Wednesday, December 14, 2011

DAY 178 -- Music

Music. I was talking with a co worker and I asked him what he was listening to. He said he was looking for music that made one happy.  He said there is a list of music that is advertised to be "Music to make you happy."  I didn't ask him what it was, but I was interested.

Then I started thinking what kind of music made me happy.  I was going to the temple yesterday and all of a sudden, into my subconscious mind entered a strange song that Bonnie and I are singing in our concerts in the upcoming days.  It was Jingle Bells.  My mind wouldn't let it go.  So I was humming Jingle Bells as I entered the temple.  It is not a very "templish" song, and one that makes one happy, but I couldn't get it out of my mind.  Of course when I started the session, it was gone. 

I would think one would hum or sing a hymn or something uplifting rather than Jingle Bells going to the temple.  If it had to be a Christmas song, why didn't my mind grab a hold of The First Nowell, which we are also singing rather than Jingle Bells.

I surely  love singing in this group with Bonnie.  She is such a joy to sing with.  Also our director has taught me to sing much higher than I ever sang before. I am a low bass, and now I can almost reach the tenor notes, that once were way to high to even think of reaching.  I am a changed singer.

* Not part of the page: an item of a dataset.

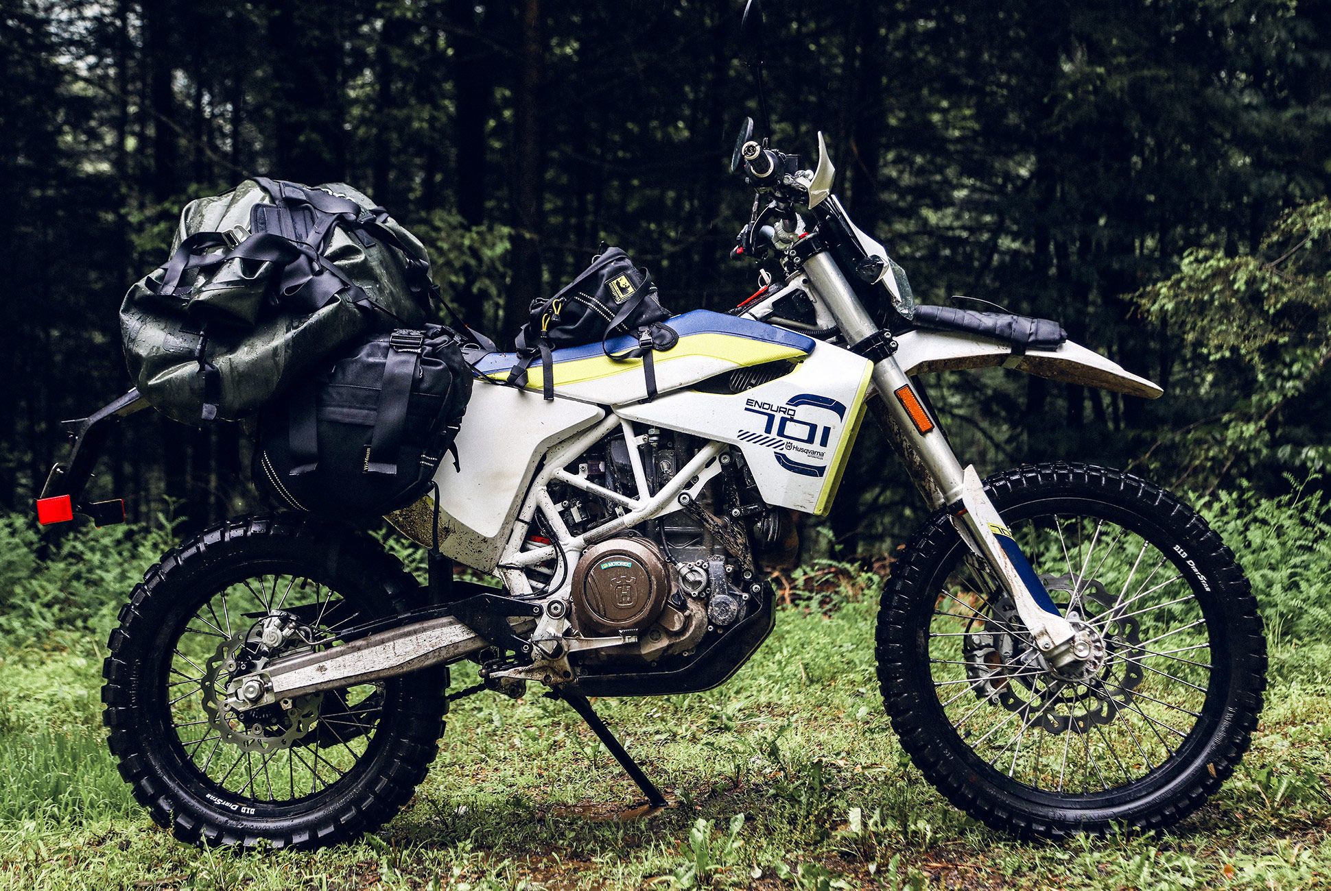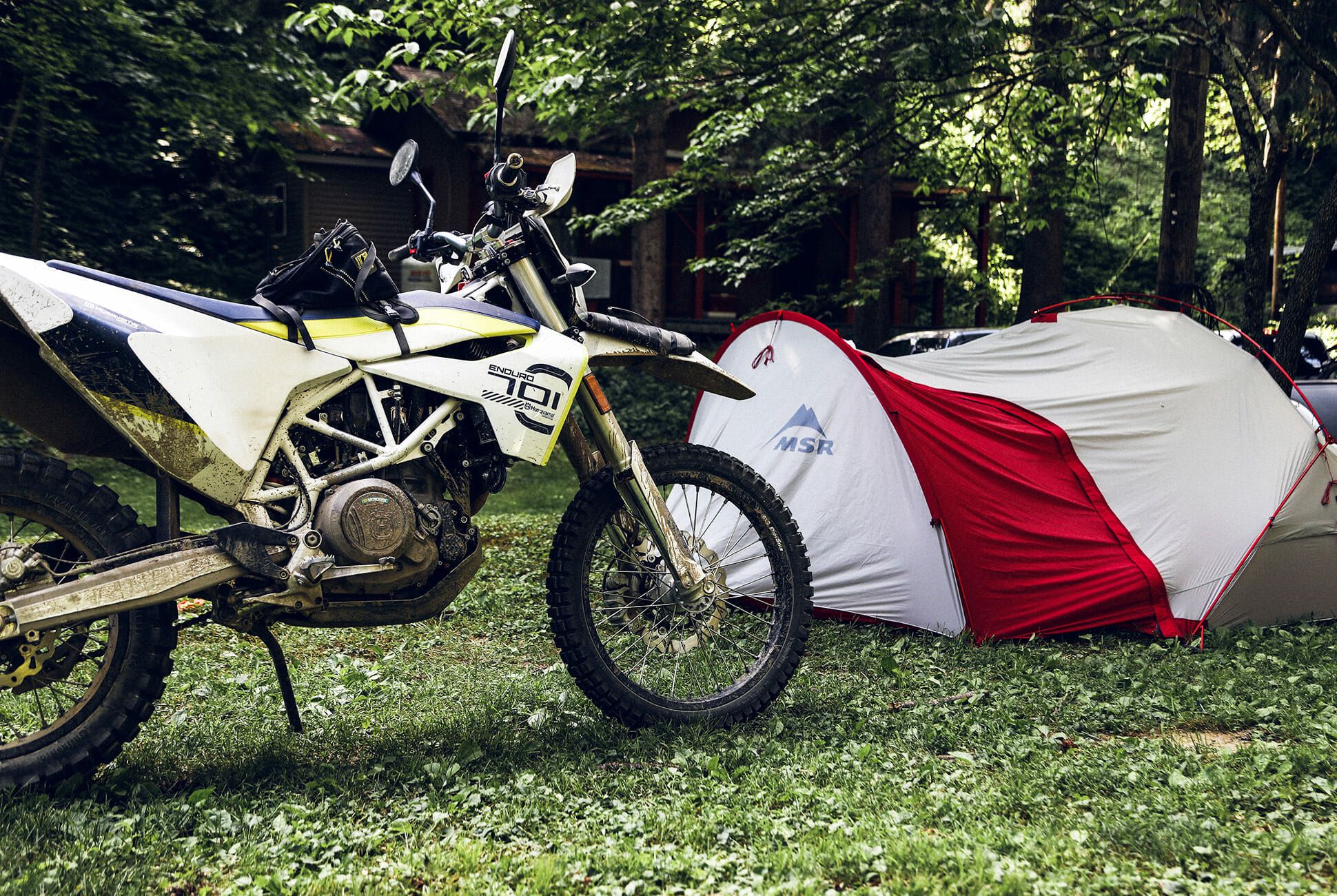 I was heading out to Woodward, Pennslyvania for a weekend of camping and trail riding, but just the idea of wrestling a 560 lb motorcycle all day on narrow, rocky trails (interspersed with multiple deadlifts when the bike inevitably landed on its side) was exhausting. The 2018 Husqvarna 701 Enduro stood out as the best alternative. I could throw saddlebags and a duffle bag on the back for my gear and clothes, but then unpack it all at camp and have an unburdened, lightweight performance machine to rip single track trails. This is the gear I built an all-out adventure bike with out of a svelte, nimble enduro.

I find myself always having some music in my mind.  In fact, once in a while I start humming a song I knew as I was growing up, long ago.  Bonnie hearing it, always asks why I hum that song.  It is one I hum when I don't have anything else to think about.  I can't even remember it, but it is one from my far past.  It is a song that was on the radio with a popular group singing it.  Don't know why.  I would rather be humming "Come Thou Fount..." rather than that one, but my sub conscious mind has a mind of it's own.  Oh well, can my sub conscious have it's own mind.  I believe I will request the government give me $50,000 to do research to try to figure out if my mind has a mind.  I have heard them give money for dumber things.  Maybe that is where  I need to get that money, part of one of my dreams.  Music can change the world, it can chang me, and it has changed many.